Superior Court of Delaware, Sussex County
Dec 21, 2010
ID No. 0311002129 (Del. Super. Ct. Dec. 21, 2010)

Opinion

ID No. 0311002129.

Submitted: December 15, 2010.

Decided: December 21, 2010.

Upon Defendant's Motion for Postconviction Relief. Denied.

Edward C. Gill, Esquire, Georgetown, DE.

John F. Brady, Esquire, Lewes, DE.

Donald R. Bucklin, Esquire, Deputy Attorney General, Georgetown, DE.


Dear Counsel:

Pending before me is Defendant Rodolfo Osorto's first motion for postconviction relief, filed pursuant to Super. Ct. Crim. R.61 ("Rule 61"). Having considered the motion, defense counsel's affidavit, the State's answer and Defendant's reply, the Court concludes that Defendant is not entitled to relief.

This Court vacated its decision summarily dismissing the motion and ordered expansion of the record, pursuant to Rule 61(f) and (g).

Defendant argues that his defense attorney was constitutionally ineffective in his representation, and that but for counsel's conduct, Defendant would not have accepted the plea offer. A claim of ineffectiveness of counsel is typically raised for the first time in a postconviction relief motion. Defendant's motion was timely filed, and the Rule's other procedural bars do not apply.

Desmond v. State, 654 A.2d 821, 829 (Del. 1994).

To prevail on the merits, Defendant must show first that defense counsel's conduct fell below an objective standard of reasonableness. He must also show that there is a reasonable probability that, but for counsel's errors, he would not have pled guilty but would have insisted on going to trial.

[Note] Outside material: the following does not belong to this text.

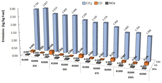 λ is the ratio between the actual air–fuel ratio (measured experimentally) and the stoichiometric air–fuel ratio. An engine operating with a higher ethanol content increases its mass flow. Consequently, with a reduction in the volume of gasoline, the temperature of the exhaust gases was lower. CO2 emissions decreased with an increase in ethanol at all speeds. For CO, at 1500 rpm, the emissions reduced by almost half from E25 to E50, but increased for E75 and E100. For 2000 rpm, CO emissions increased from E25 to E50, but then decreased for E75 and increased significantly for E100. For NOx emissions at 1500 rpm, there was an increase from E25 to E50, but then a progressive decrease for E75 and E100. At 2000 and 2500 rpm, NOx emissions progressively decreased with the content of ethanol. Figure 2 shows the variation in emissions per mass of fuel with the different fuels and engine speeds tested.

Cannon v. State, 2007 WL 2323790 (Del.) (citing Hill v. Lockhart, 474 U.S. 52, 58 (1985)).

The record shows the following relevant facts. The collision occurred in Sussex County on July 20, 2003 at approximately 1:30 a.m. While traveling west on State Route 20, Defendant crossed into the east-bound lane in order to pass the car ahead of him. While still in the east bound lane, Defendant's Dodge Caravan struck an oncoming Ford Taurus traveling east. As a result of the collision, one passenger of the Taurus was killed, and the driver and the two other passengers were injured.

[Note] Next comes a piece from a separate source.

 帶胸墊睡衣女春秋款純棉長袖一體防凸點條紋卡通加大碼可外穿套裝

Immediately after the collision, Defendant was taken to Nanticoke Memorial Hospital for treatment, including blood work. Based on blood serum analysis, Defendant's blood alcohol concentration (BAC) on admission to Nanticoke was 0.180. Applying the formula used by the Delaware State Police to extrapolate from blood serum results to whole blood results, Defendant had a BAC of 0.154 when the collision occurred. At the time of Defendant's arrest, 21 Del. C. § 4177 (a) provided that a person was guilty of driving under the influence of alcohol if the person's BAC was 0.10 or higher within 4 hours after the time of driving.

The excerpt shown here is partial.